In [1]:
import numpy as np
import pandas as pd
import math

In [3]:
df = pd.read_csv("D:\_MASTER\AN1\Q2\IS\Assignments\Assignment3\myDataFile.csv", low_memory=False)
df.fillna(0, inplace=True)
df.replace('t', 1, inplace=True)
df.to_csv("D:\_MASTER\AN1\Q2\IS\Assignments\Assignment3\data.csv")

In [2]:
df = pd.read_csv("D:\_MASTER\AN1\Q2\IS\Assignments\Assignment3\smaller_data.csv", index_col=0)
df.index.names = ['Transaction']

In [3]:
df

Unnamed: 0_level_0,Instant_food_products,UHT_milk,abrasive_cleaner,artif__sweetener,baby_cosmetics,baby_food,bags,baking_powder,bathroom_cleaner,beef,...,brown_bread,butter,butter_milk,cake_bar,whisky,white_bread,white_wine,whole_milk,yogurt,zwieback
Transaction,Unnamed: 1_level_1,Unnamed: 2_level_1,Unnamed: 3_level_1,Unnamed: 4_level_1,Unnamed: 5_level_1,Unnamed: 6_level_1,Unnamed: 7_level_1,Unnamed: 8_level_1,Unnamed: 9_level_1,Unnamed: 10_level_1,Unnamed: 11_level_1,Unnamed: 12_level_1,Unnamed: 13_level_1,Unnamed: 14_level_1,Unnamed: 15_level_1,Unnamed: 16_level_1,Unnamed: 17_level_1,Unnamed: 18_level_1,Unnamed: 19_level_1,Unnamed: 20_level_1,Unnamed: 21_level_1
0,0,0,0,0,0,0,0,0,0,0,...,0,0,0,0,0,0,0,0,0,0
1,0,0,0,0,0,0,0,0,0,0,...,0,0,0,0,0,0,0,0,1,0
2,0,0,0,0,0,0,0,0,0,0,...,0,0,0,0,0,0,0,1,0,0
3,0,0,0,0,0,0,0,0,0,0,...,0,0,0,0,0,0,0,0,1,0
4,0,0,0,0,0,0,0,0,0,0,...,0,0,0,0,0,0,0,1,0,0
...,...,...,...,...,...,...,...,...,...,...,...,...,...,...,...,...,...,...,...,...,...
494,0,0,0,0,0,0,0,0,0,0,...,0,0,0,0,0,0,0,0,0,0
495,0,0,0,0,0,0,0,0,0,0,...,0,0,0,0,0,0,0,0,0,0
496,0,0,0,0,0,0,0,0,0,0,...,0,0,0,0,0,0,0,0,0,0
497,0,0,0,0,0,0,0,0,0,0,...,0,0,0,0,0,0,0,0,0,0


# Support computations

The function below returns the support metric for a given itemset, passed into the function as either a pandas.DataFrame object or a pandas.Series object (when we have data for a single feature - the transaction history regarding a single product)

In [4]:
def support(itemset_data):
    support = 0
    if(isinstance(itemset_data, pd.DataFrame)):
        support_counter = 0
        number_of_transactions = itemset_data.shape[0]
        column_list = list(itemset_data.columns)
        for index, row in itemset_data.iterrows():
            occurs = True
            for i in range (len(column_list)):
                if row[column_list[i]] == 0:
                    occurs = False
                    break
            if (occurs):
                support_counter+=1
        support = support_counter / number_of_transactions
    elif(isinstance(itemset_data, pd.Series)):
        number_of_transactions = itemset_data.count()
        support_counter = itemset_data.sum()
        support = support_counter / number_of_transactions
    return support

However, the Apriori algorithm only checks if the support of a given itemset exceeds a certain threshold.

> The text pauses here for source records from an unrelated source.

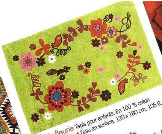
Ronde fleurie Tapis pour enfants. En 100 % coton tufté main. Lavable à l'eau en surface. 120 x 180 cm, 105 €. "Biche", Éveil et Jeux.
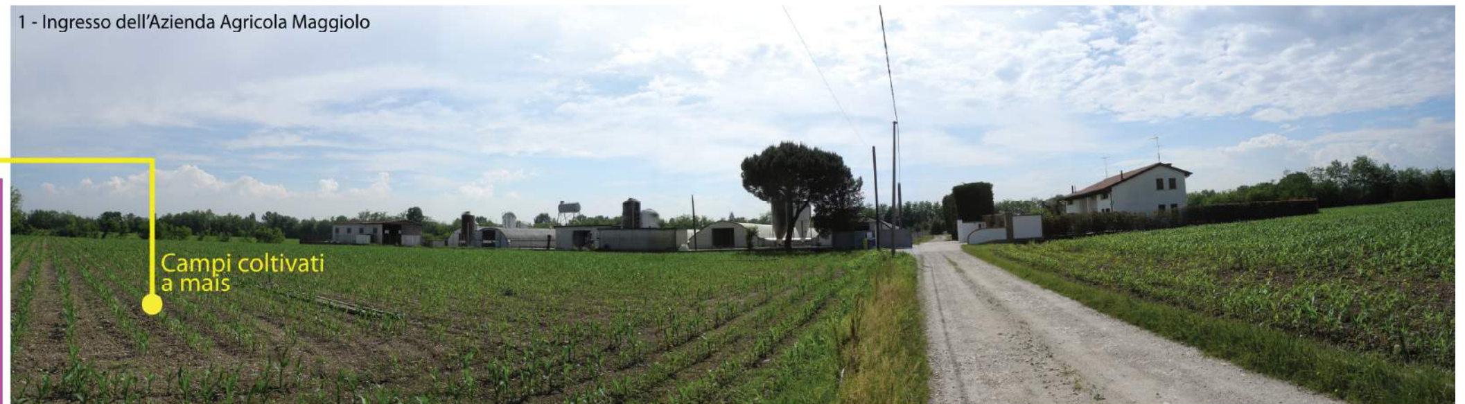
Campi coltivati a mais
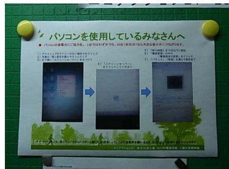
●PC・プリンター省エネ設定
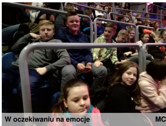
W oczekiwaniu na emocje
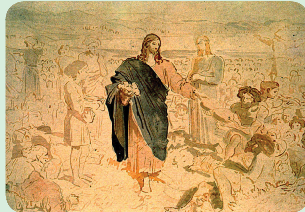
A multiplicação dos pães - Alexander Ivanov
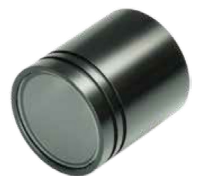
VISOR®용 C 마운트 보호 하우징
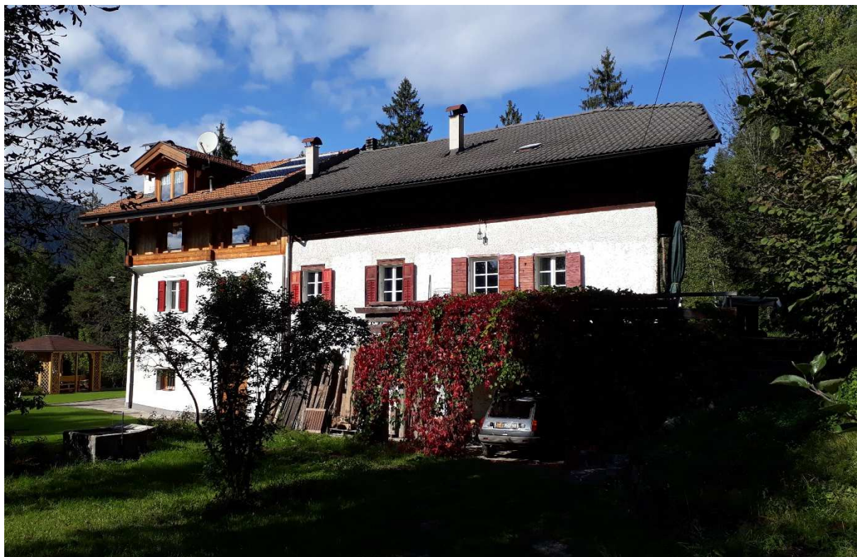
Vista da sud
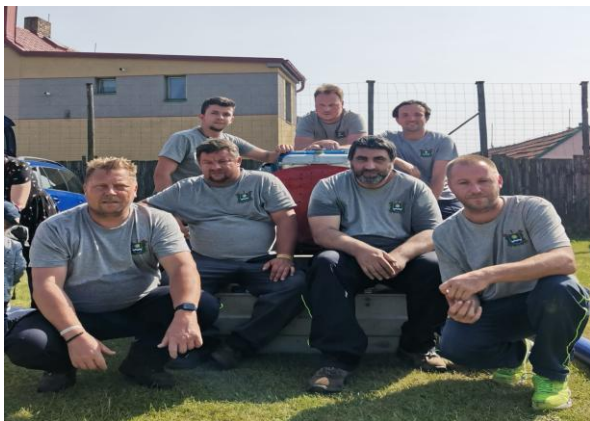
Memoriál Jana Procházky Podolí I
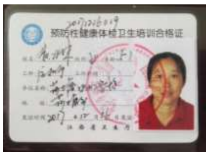
图 I -1 厨师健康证图
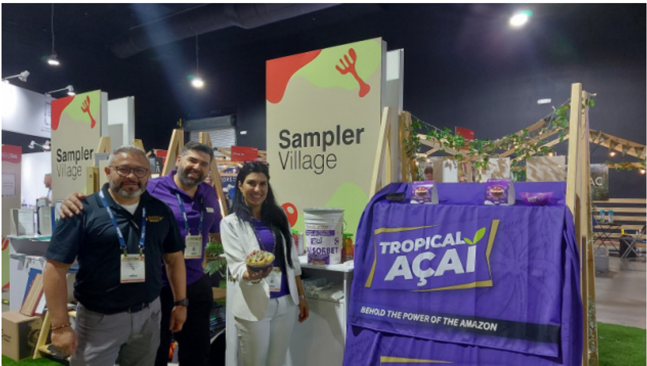
Marjaisa makuelämys.
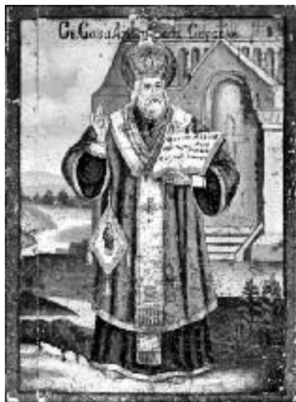
Сл. 42. Целивајућа икона Светог Саве из Старе цркве у Пироту
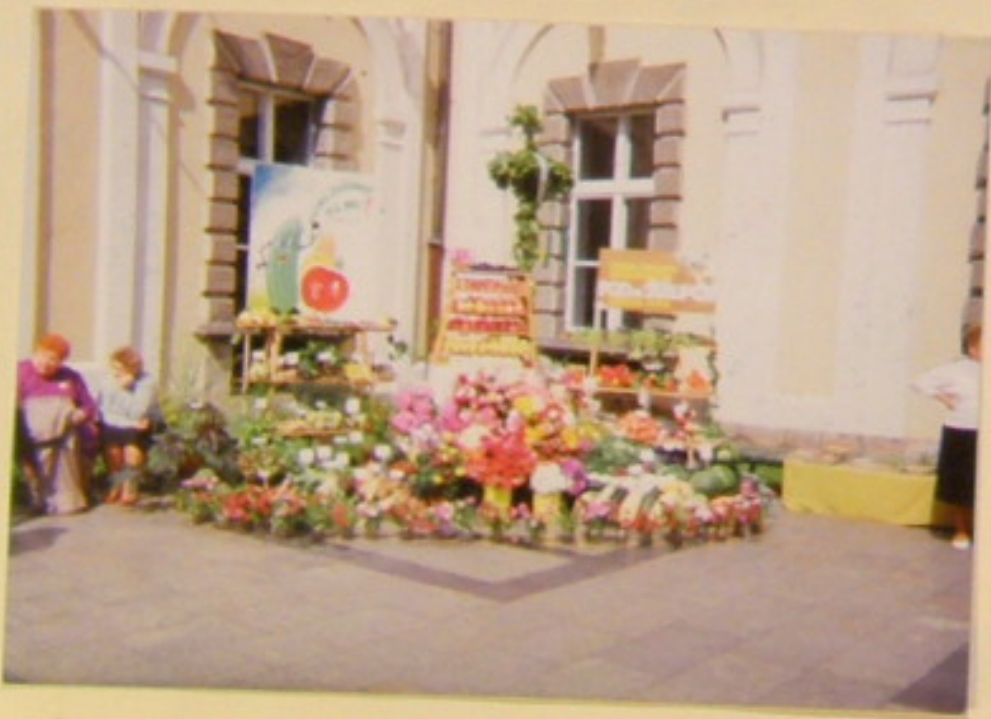
Tak prezentował swoje plony ogrodnik POD "22 lipca" "Lielonej Górze".
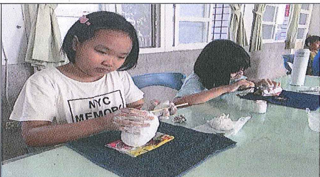
中年級學生捏塑紙海龜
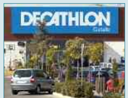
A LA EMPRESA DEL AÑO Decathlon
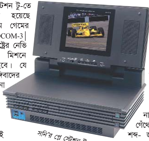
সনির প্লে স্টেশন টু

সনির প্লে-স্টেশন টু-তে সম্প্রতি যোগ হয়েছে জনপ্রিয় সোকম গেমের তৃতীয় ভার্সন SOCOM-3। গেমটিতে যুক্তরাষ্ট্রের নেভি হিসেবে বিভিন্ন মিশনে অংশ নিতে হবে। যে তিনটি দেশে জঙ্গিবাদের ঘাঁটি দেখানো হয়েছে তা হলো মরক্কো, বাংলাদেশ ও পোল্যান্ড। একশনধর্মী এই গেমের কমাডো
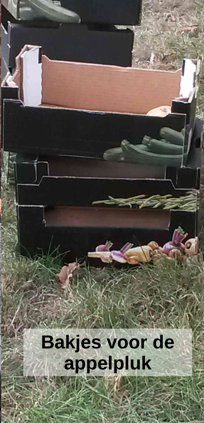
Bakjes voor de appelpluk
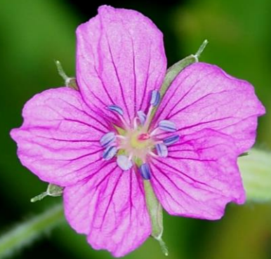
ゲンノショウコ (現証拠) フロソウ科
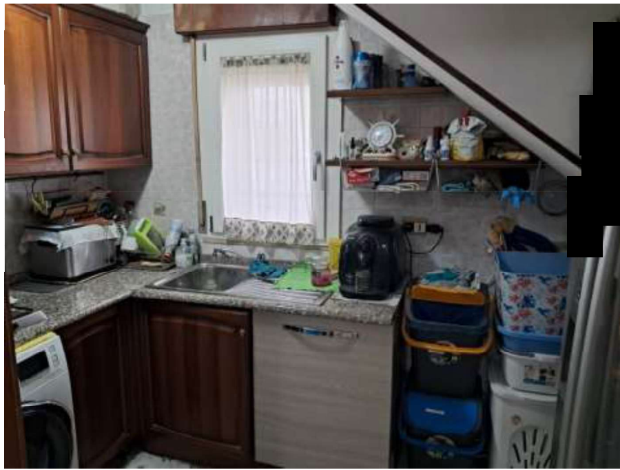
CUCINOTTO – PIANO TERRA
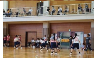
保護者の方々に2階から見守っていただきました
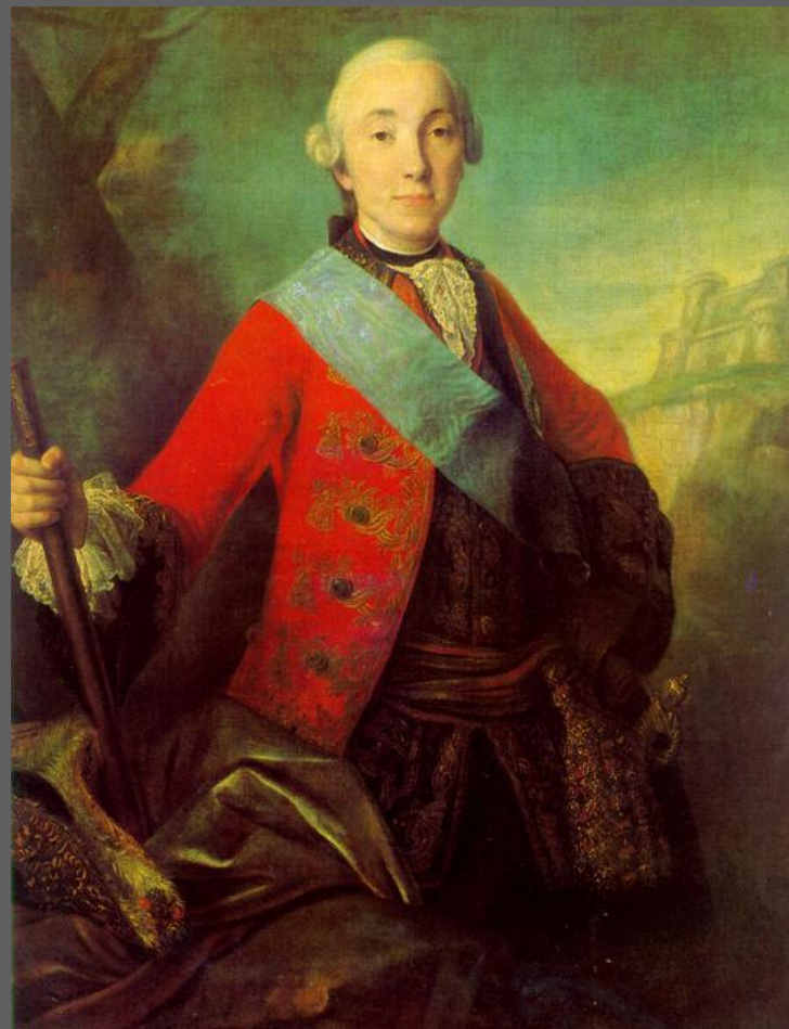
Портрет вел. кн. Петра Федоровича. 1758. Русский музей, С.-Петербург, повторение — в Третьяковской галерее, Москва.

It does not require the computation of exact metric value. Hence, the following function breaks the loop iterating over all transactions if the minimum number of occurences is attained. This way, the computational load is less, whilst performing the requirements.

In [24]:
def exceedsMinSup(itemset_data, minSup):
    exceeds = False
    support = 0
    if(isinstance(itemset_data, pd.DataFrame)):
        support_counter = 0
        minSupAbsoluteValue = math.ceil(itemset_data.shape[0] * minSup)
        column_list = list(itemset_data.columns)
        for index, row in itemset_data.iterrows():
            occurs = True
            for i in range (len(column_list)):
                if row[column_list[i]] == 0:
                    occurs = False
                    break
            if (occurs):
                support_counter+=1
            if support_counter >= minSupAbsoluteValue:
                exceeds = True
                break
    elif(isinstance(itemset_data, pd.Series)):
        support_counter = itemset_data.sum()
        minSupAbsoluteValue = math.ceil(itemset_data.count() * minSup)
        if(support_counter >= minSupAbsoluteValue):
            exceeds = True
    return exceeds

As we ultimately need to view the frequent itemsets on each layer, we chose to structure the data as follows: we created a dictionary with the keys representing the layers (the number of elements/products in a single itemset) and the values being lists of sets. Thus, we have added a helper function which converts a set of items (in our case, strings) to a list of sets. This is particularly useful when creating the first layer out of the column names.

In [6]:
def listOfSets(setOfItems):
    listOfSets = None
    if(isinstance(setOfItems, set)):
        listOfSets = list()
        for item in setOfItems:
            listItem = {item}
            listOfSets.append(listItem)
    return listOfSets

The following function prunes the candidate itemsets after evaluating their support. If they exceed the minimum value passed as a parameter, then the itemset will go into L (the final frequent itemsets collection)

In [7]:
def CtoL(C, L, df, layer, minSup):
    for itemset in C[layer]:
        itemset_list = list(itemset)
        if(exceedsMinSup(df.loc[:, itemset_list], minSup)):
            L[layer].append(itemset)
    return L[layer]

This is the function which returns the collection of frequent itemsets, represented by a dictionary.

In [25]:
def frequent_itemsets(df, minSup):
    C = {}
    C[1] = listOfSets(set(df.columns))
    L = {}
    L[1] = list()
    L[1] = CtoL(C, L, df, 1, minSup)
    for layer in range(2, df.shape[1] + 1):
        C[layer] = list()
        L[layer] = list()
        for p in L[layer - 1]:
            for q in L[layer - 1]:
                if p != q:
                    counter = 0
                    p_list = list(p)
                    q_list = list(q)
                    for i in range(len(p_list)):
                        if (i != len(p_list) - 1): # we only check the last element, as the set orders the elemnts automatically
                            if p_list[i] == q_list[i]:
                                counter += 1
                    if counter == layer - 2: # we now compute C[2], we look at L[1], counter need to be = 0
                        next_p = set.union(p, q)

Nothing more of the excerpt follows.